Really flattering picture of Donna eating a pink guava 
Anyways!  Our train arrives not at the planned 5:30am but at a comfortable 10:30.  The plan was to take a taxi to a bus station and find out of we’d missed the last bus to the island.  After a taxi ride that meanders through town in a way that makes anyone think that the driver is seriously messing with your sense of direction, we arrive at the bus station.  One of the ever-present helpful-guys working there says hi and asks us where we’re going.  Trat’s our destination, the last stop before the ferry to the island.  So he shows us to the right ticket booth, where we get a ticket for a bus that’s leaving in about half an hour.  Ha!  What a joke!  This time we again think that it would leave on time, but somehow we had just enough time to buy some hot-pink fruit of unknown name or flavour, and some pineapple in case the pink one is gross, and some water, before our helpful-man told us to hurry the fuck up because the bus is right there can’t-you-see-it?!  You have to get on now it’s leaving! 

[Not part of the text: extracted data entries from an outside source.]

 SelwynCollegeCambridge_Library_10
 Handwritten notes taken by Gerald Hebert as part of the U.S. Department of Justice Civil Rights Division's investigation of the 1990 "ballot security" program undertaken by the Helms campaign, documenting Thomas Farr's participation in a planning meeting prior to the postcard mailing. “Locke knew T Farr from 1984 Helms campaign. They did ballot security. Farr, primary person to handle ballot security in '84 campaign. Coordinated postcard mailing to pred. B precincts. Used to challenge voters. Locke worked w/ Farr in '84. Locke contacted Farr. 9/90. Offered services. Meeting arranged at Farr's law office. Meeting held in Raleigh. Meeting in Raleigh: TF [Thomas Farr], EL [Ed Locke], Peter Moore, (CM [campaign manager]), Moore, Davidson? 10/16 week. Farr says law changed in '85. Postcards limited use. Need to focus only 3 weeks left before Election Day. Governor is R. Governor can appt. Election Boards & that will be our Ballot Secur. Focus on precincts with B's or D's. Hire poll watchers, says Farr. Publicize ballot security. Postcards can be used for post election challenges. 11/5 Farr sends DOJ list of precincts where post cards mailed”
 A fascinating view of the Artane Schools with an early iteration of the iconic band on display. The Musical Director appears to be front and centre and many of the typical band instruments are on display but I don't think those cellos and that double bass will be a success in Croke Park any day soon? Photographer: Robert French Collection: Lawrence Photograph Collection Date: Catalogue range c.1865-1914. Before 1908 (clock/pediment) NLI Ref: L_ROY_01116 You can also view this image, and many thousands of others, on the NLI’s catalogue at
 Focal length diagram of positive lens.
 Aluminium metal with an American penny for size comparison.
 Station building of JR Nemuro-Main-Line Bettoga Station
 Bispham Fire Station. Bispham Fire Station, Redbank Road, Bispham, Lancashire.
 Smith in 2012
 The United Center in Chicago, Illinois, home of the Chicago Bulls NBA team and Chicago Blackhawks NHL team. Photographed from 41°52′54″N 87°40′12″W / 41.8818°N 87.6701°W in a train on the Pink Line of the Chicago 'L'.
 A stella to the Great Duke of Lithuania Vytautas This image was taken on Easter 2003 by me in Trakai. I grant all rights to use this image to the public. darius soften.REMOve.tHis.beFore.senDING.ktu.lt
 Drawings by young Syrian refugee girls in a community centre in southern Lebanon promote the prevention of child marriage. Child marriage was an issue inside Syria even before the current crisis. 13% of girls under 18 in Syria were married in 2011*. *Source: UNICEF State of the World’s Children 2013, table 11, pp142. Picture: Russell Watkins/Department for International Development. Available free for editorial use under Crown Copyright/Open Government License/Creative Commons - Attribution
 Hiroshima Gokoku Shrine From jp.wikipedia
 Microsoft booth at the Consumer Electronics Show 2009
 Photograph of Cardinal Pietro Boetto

Onto the bus, a classy comfy bus which shall be our home for the next five or six hours.  The ride out is pretty nice and uneventful, a regular bus ride in a regular bus, with regular meal/pee/smoke breaks, and a regular driver who is luckily not insane. 

I’ve seriously written way too much about the train ride already, so I’ll keep the next bit short.  We get off the bus at the ferry terminal… or did we have to take a songthaew there?  I forget.  Either way, we get to the ferry, wait a bit, get on, hang out for the hour trip to the island.  It’s really pretty and the sun is still up and life is good.  Onto the island, and there’s a bunch of songthaew waiting around to take all the passengers to their respective accommodation.  We get on one, pay the fixed rate, and enjoy the hour up and down steep hills that take us from the north tip of the island to three-quarters of the way down the west side.  The view most of the time is jungly and roady and pretty regular, until you climb up a few hairpin bends and get the rewarding view of the ocean with the sun hanging out near the horizon.  Awesome. 
Eventually we make it to Lonely Beach, check into a guesthouse with bungalows that Sean found online.  The place was nice, with trees everywhere, very colourful, delicious food, hammocks… but an undeniable stank of mould in the rooms and showers that kind of spurt and sputter out when they feel like it, and generally not the standard of your average person who wants a decent place to sleep in comfort. 

The walk to the beach from our bungalows 
We stay one night and then Annie and Danny find us a super awesome affordable place on the beach with fancy bungalows with giant windows and great sunset views and nice porches on which to hang out.  Finally, we’re home and we can relax, take it easy, check out the beach, enjoy island life, and get started with Danny and our new tattoo plans.